Recently, several western state legislatures have seen bills introduced that would authorize takeovers of publicly owned, federally managed lands. Since 2013, the Wyoming state legislature has debated nine different bills proposing the transfer of lands to state or private hands. In Utah, congressional representatives have pushed a $14 million lawsuit to force a transfer of public lands to the state. In February, Utah representative Jason Chaffetz introduced a bill in Congress to begin the disposal of lands including the new Bears Ears National Monument, though he later withdrew the bill under immense public pressure.

Yellowstone. Not a national monument but this national park is one of our most treasured public landscapes

Utah’s congressional delegation is among the act’s loudest critics. Yet at the same time that Representative Bishop calls it “the most evil act ever invented,” the state of Utah’s Office of Tourism is spending millions of dollars promoting Utah’s “Mighty 5” national parks, boasting that they “draw several million visitors from around the world each year.” Four of those “Mighty 5” — Arches, Bryce Canyon, Capitol Reef and Zion — were first protected by presidents of both parties using the Antiquities Act.

Trump’s EO on national monuments can’t be fought.
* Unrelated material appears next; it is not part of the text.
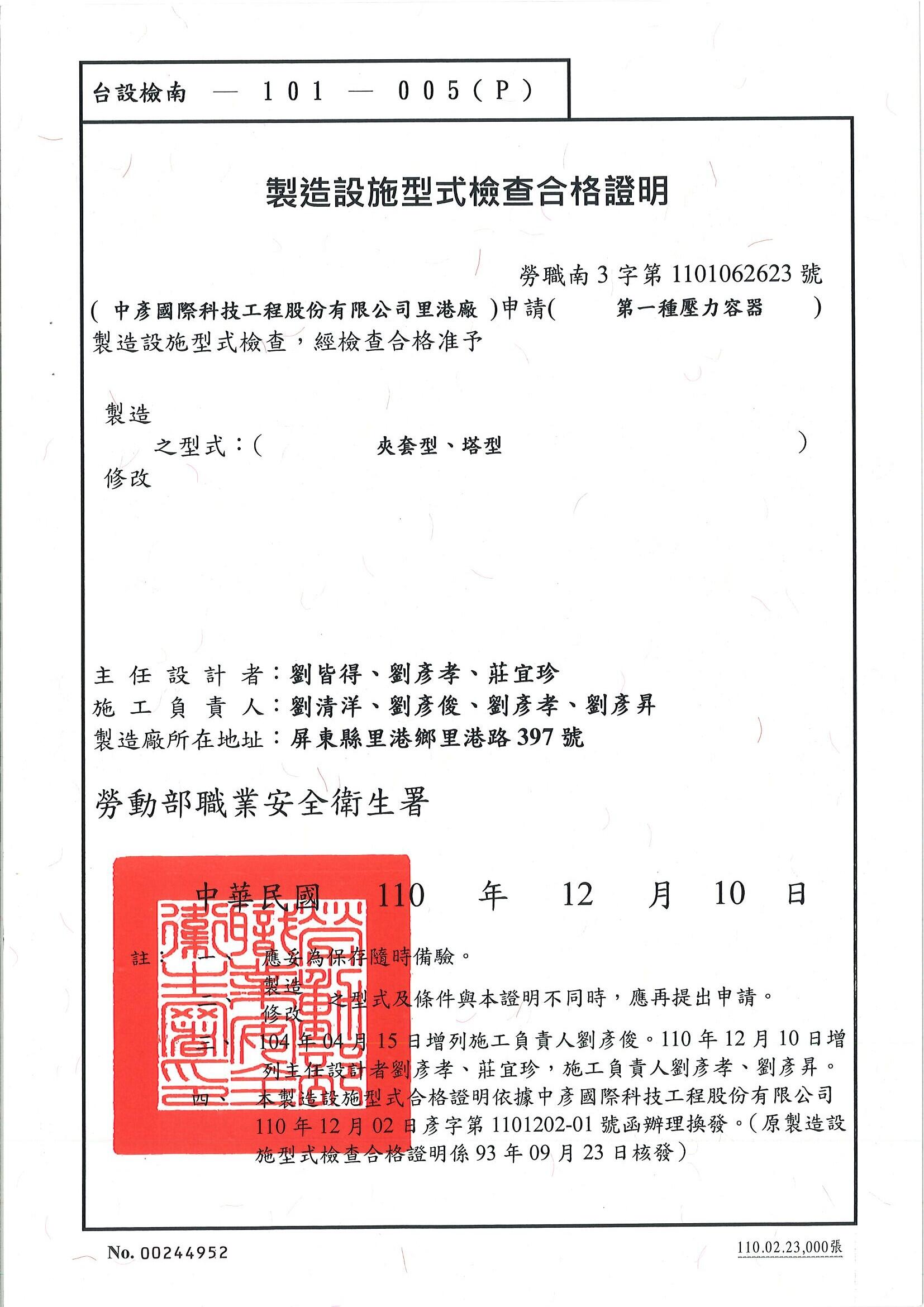 台設檢南-101-005(P) : 熔接第一種壓力容器(夾套型、塔型)

But the proposed changes to these monuments that come from this EO can be and will be fought both in court and in the street and Trump is likely to lose this one just as he has with some of his other orders. Americans love their public lands and they love their national monuments. A recent poll conducted by Colorado College tells the same story as a slew of other polls over the years: over 80% of Western voters support continued protection for national monuments. And rural people are increasingly standing up for public lands.

review national monuments
El Rio Grande del Norte National Monument, New Mexico

Why? As I’ve pointed out before, areas surrounding national monuments experience stronger growth or improvement in employment, personal income and increased per-capita income than areas dominated by private or state lands. Rural Western counties with more than 30% PROTECTED public lands have seen employment rise by  345 percent more than areas without protected lands.
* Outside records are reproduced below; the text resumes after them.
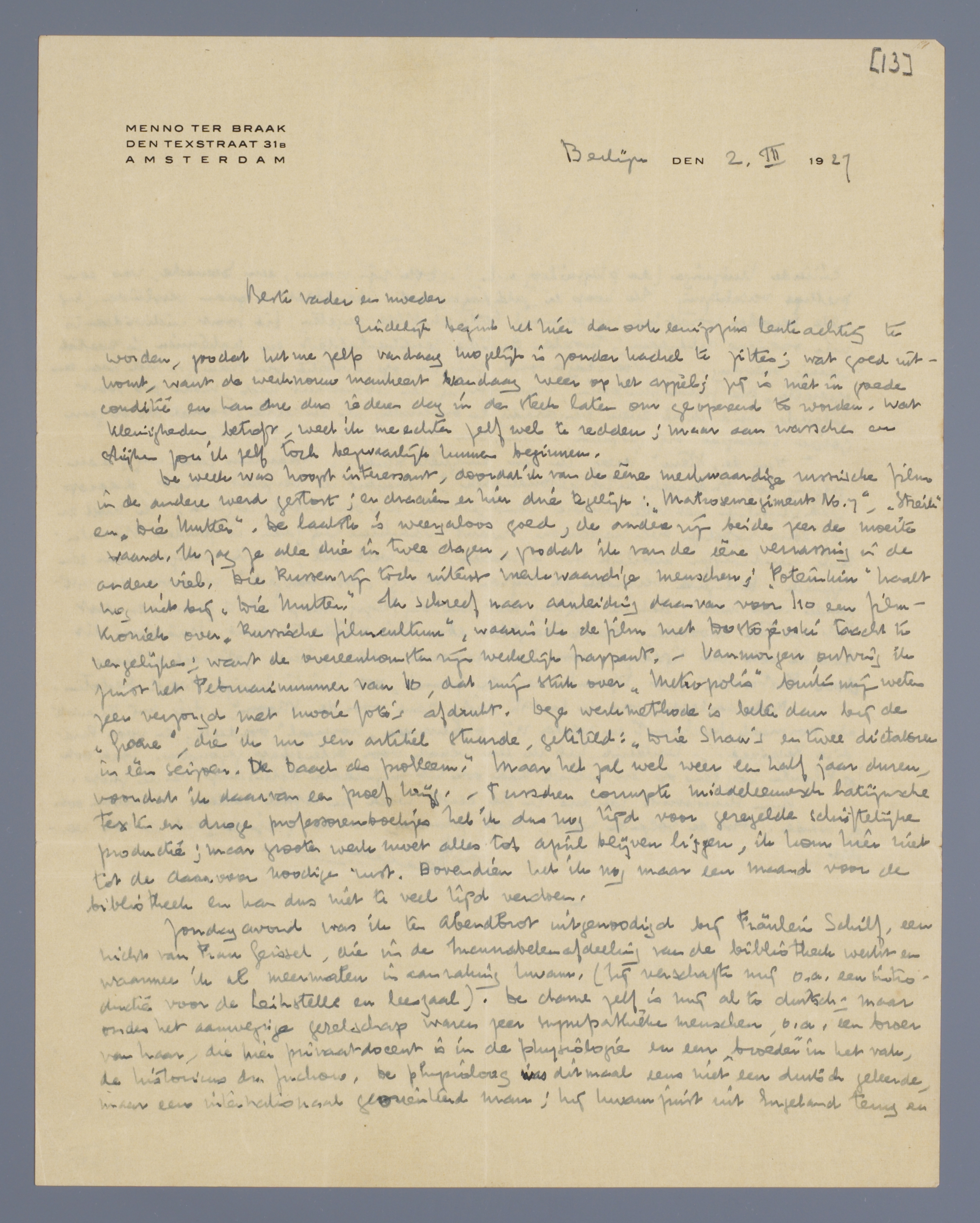 De week was hoogst interessant, doordat ik van de eene merkwaardige russische film in de andere werd gestort; er draaien er hier drie tegelijk: ‘Matrosenregiment No.7’, ‘Streik’ en ‘Die Mutter’. De laatste is weergaloos goed, de andere zijn beide zeer de moeite waard. Ik zag ze alle drie in twee dagen, zoodat ik van de ééne verrassing in de andere viel. Die Russen zijn toch uiterst merkwaardige menschen; ‘Potemkin’ haalt nog niet bij ‘Die Mutter’. Ik schreef naar aanleiding daarvan voor I10 een filmkroniek over ‘Russische filmcultuur’, waarin ik de film met Dostojevski tracht te vergelijken; want de overeenkomsten zijn werkelijk frappant. - Vanmorgen ontving ik juist het Februarinummer van I10, dat mijn stuk over ‘Metropolis’ buiten mijn weten zeer verzorgd met mooie foto's afdrukt. Deze werkmethode is beter dan bij de ‘Groene’, die ik nu een artikel stuurde, getiteld: ‘Drie Shaw's en twee dictatoren in één seizoen. De Daad als probleem’. Maar het zal wel weer een half jaar duren, voordat ik daarvan een proef krijg. - Tusschen corrupte middeleeuwsche Latijnsche texten en droge professorenboekjes heb ik dus nog tijd voor geregelde schriftelijke productie; maar grooter werk moet alles tot April blijven liggen, ik kom hier niet tot de daarvoor noodige rust. Bovendien heb ik nog maar een maand voor de bibliotheek en kan dus niet te veel tijd verdoen.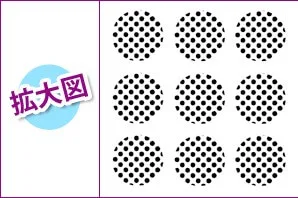 グレーのアミ点は印刷時に下のように印刷されます。(アミ点のなかにアミ)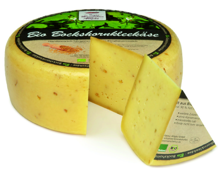 | Bio Bockshornkleekäse | Mind.6 Wochen gereifter Schnittkäse mit Bockshornkleesamen verfeinert. Leicht nussiger, zart würziger Geschmack. | Käsegruppe: Schnittkäse Land: Deutschland Milch: Kuhmilch Region: Allgäu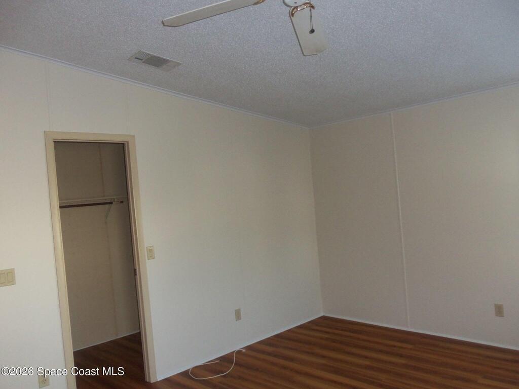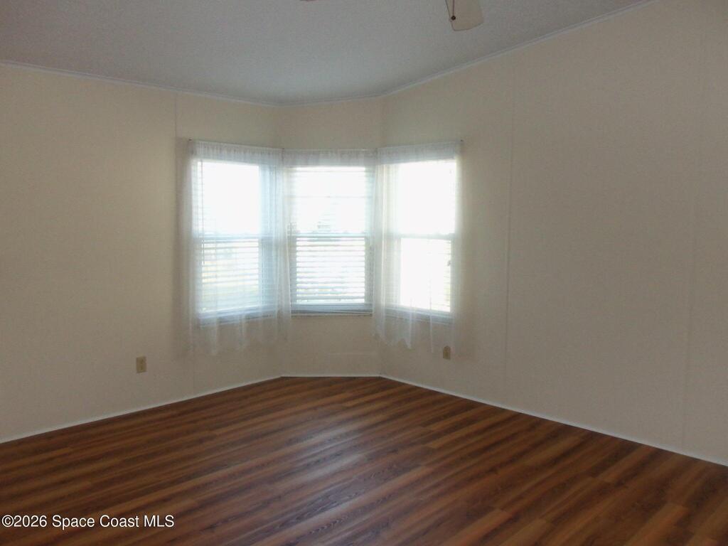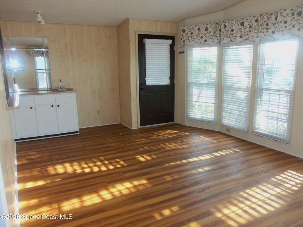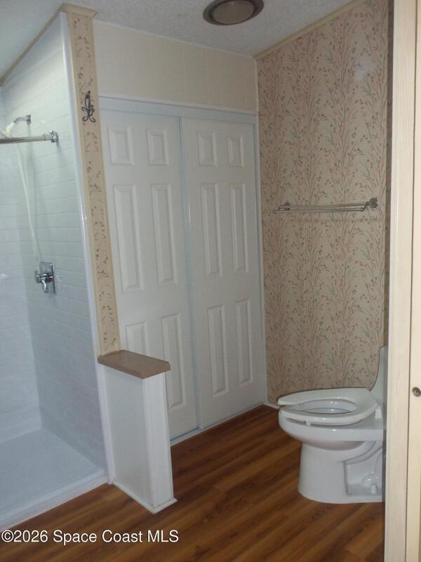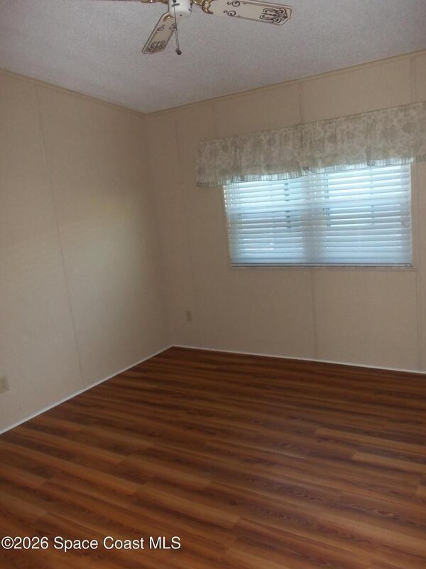 Here is a 24'x60' Jacobsen home located in the Floral section of Barefoot Bay. Within walking distance to pool 3. Has a ground level screen porch on side of home with tile flooring. Has the extra room on the front of home with pass thru window and wet bar, the kitchen has loads of cabinets, dining room has a built in hutch, washer and dryer in laundry room, large master bedroom, master bath has an oversized walk in shower. Large walk in closets in both bed rooms. Flooring is a waterproof click-lock, New roof in 2024. Windows are all hurricane glass.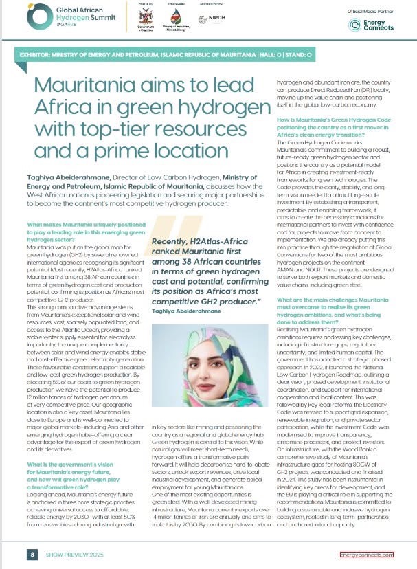 وأشارت منت عبيد الرحمن إلى أن تخصيص 5 بالمائة من السواحل يمكن أن يتيح إنتاج نحو 12 مليون طن من الهيدروجين سنويًا بأسعار تنافسية.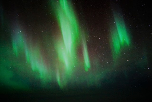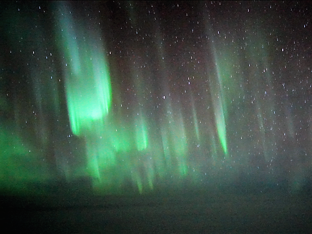 Při letech přes severní oblasti bývá vidět polární záře. Zde objektivem M. Srnce.

Trump and the Republicans are playing a dangerous game with our public lands. Keep an eye on this “review” order and speak up for your public lands:

Call your Congressional Representative now and state very kindly and firmly that you oppose any shrinking or changing of national monument designations. Ask your representative to do everything they can to ensure the integrity of America’s public lands.

Write a follow up letter to your Representative stating your support for the integrity of our national monuments and your support for the Antiquities Act of 1906. Tell them that America’s public lands should remain in the hands of the public and that land management agencies such as the Forest Service, BLM and National Park Service should be fully funded so that they can properly manage our lands.

Write a letter to your local newspaper expressing your support for public lands and national monuments. Let other people know about Trump’s Executive Order and encourage them to take action.

Share this information with every hunter, fisherman, camper, hiker, birdwatcher and environmentalist you can. The one issue that constantly unites Republicans and Democrats is public lands. Encourage everyone to call their congressman.